Also: kind of a little gift for @metalomagnetic
When Sirius walked through the door, Tom could tell he was in pain, even though the boy didn't show much, compared to most people. But Tom, like him, was used to hiding it that he saw all the small signs, the shoulders too drawn back to be comfortable, the overly precise movements and the way he looked straight ahead as if meeting someone's eyes would make him break.
Tom frowned. Jealous rage was not exactly the reaction someone should have, when another person came for their help after being cursed, much less if it was a student one was supposed to protect, but given the fact that this was Sirius Black and therefore literally the only reason the current 7th-years were even worth teaching them, Tom felt justified. “Who did this?” he asked, even before Sirius could explain why he was here.
With only the smallest sigh of relief Sirius sat down in the chair opposite his desk and shrugged, ignoring the fact that he had not been invited in the first place. “How would I know? The bastard hexed me in the back. Had Slytherin robes, though.” Despite the pain he looked cheeky, with hard, challenging eyes. “For all I know you could have orchestrated it. Hell, could have been it.”
He was not wrong, Tom had a thin enough built that he could still pass as student, if he tried, and he was not above making someone hex Sirius if only it brought him here. Which only made it more annoying that he hadn't. That someone else dared touch something he defined his, if not openly. “Why did you come then?”

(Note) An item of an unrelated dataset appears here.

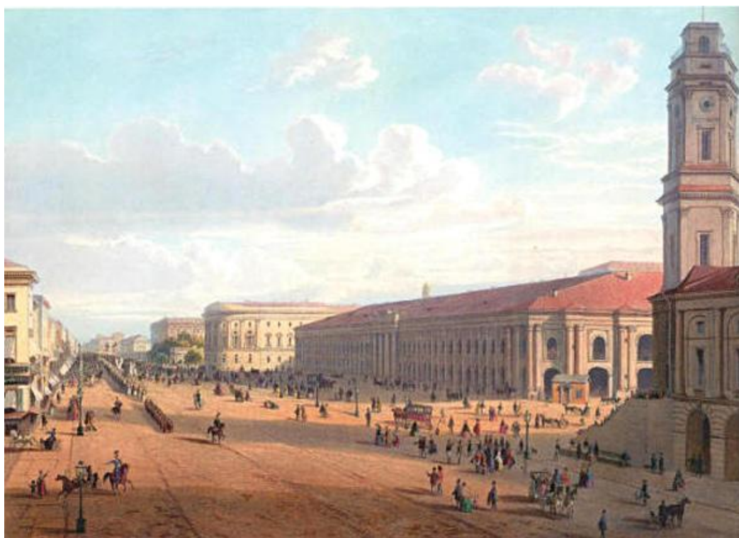
Рисунок 2.1 - Невский проспект в начале XIX века

До приезда в Россию Бетанкур уже был ученым с мировым именем. В России он к тому же раскрылся как педагог и умелый организатор масштабных проектов. Именно ему после войны 1812 года было поручено обустройство Петербурга. Несмотря на недавно исполнившееся столетие, столица Российской империи все еще не соответствовала уровню других европейских городов. Под руководством Бетанкура Невский проспект преобразился в известную нам теперь главную артерию города: были сделаны тротуары, а по вечерам зажигали масляные фонари. Бетанкур хотел установить газовые на менее крупных улицах — Гороховой и Большой Морской, но, как всегда, его идея опередила время и не была воплощена в жизнь.

“Are you kidding?” Sirius sat up straight-backed like the good pure-blood child he was. “I'm not exactly friends with the other Heads of House either, and they will come looking, when I hex the Slytherins back, once they know I have an open tab with them.”
“And I won't?” Tom chuckled, the amusement slowly replacing the rage.

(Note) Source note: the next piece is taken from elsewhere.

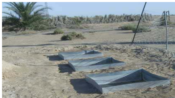
Photo.1. Bacs type Colorado

Les bacs choisis pour notre travail sont des bacs enterrés de type Colorado déjà adoptés par le service de l'Hydraulique en Algérie [8]. Ce sont des bacs construits localement avec des tôles de galvanisai et des dimensions de 1x1x0.5 m 3 . Ces bacs ont été enterrés l'un près de l'autre en gardant un écartement de 50 cm et une hauteur de 10 cm au dessus du niveau naturel du sol. L'eau affleure sensiblement au niveau du sol (Photo.1).

“Nah.” Sirius waved it off. “You'd pretend, if someone caught wind, but that's it.” His eyes scoured the room, taking in all the little details with great care, as he was very clearly gathering ammunition.
Tom didn't begrudge it. Most Gryffindors were... stupidly good. Sirius had never even touched that terrain. He always stood with one leg firmly in Slytherin territory, keeping an eye on his enemies and even watching his friends. He knew better than not to. “So, are you going to help me or not?”
Tom left his seat, strode around the desk slowly and then turned the chair, so he could face Sirius directly. “Oh, I am.”
“At what price?” Now his face was under the same scrutiny as his room had been.
“I am a teacher, I am supposed to...”
“You are a Slytherin, and you will ask for a price.” Sirius knew him too well for comfort, and with anyone else he would have taken... measures. But he liked it, how the boy slowly spiralled along the edge of his attraction, being pulled in bit by bit by bit. It would have been a pity to destroy that.
“How about a kiss?”
Tom took solace in the fact that Sirius was close to his coming of age. This kind of dubious look just didn't belong to a child. “I haven't kissed, and I won't kiss you.”
“So...” Tom pushed down the new waves of jealousy threatening to overwhelm common sense. “How'll get the honour? What disappointing wench or irrelevant guy will have your first kiss then?” Instead of him, who deserved it, who would value it accordingly.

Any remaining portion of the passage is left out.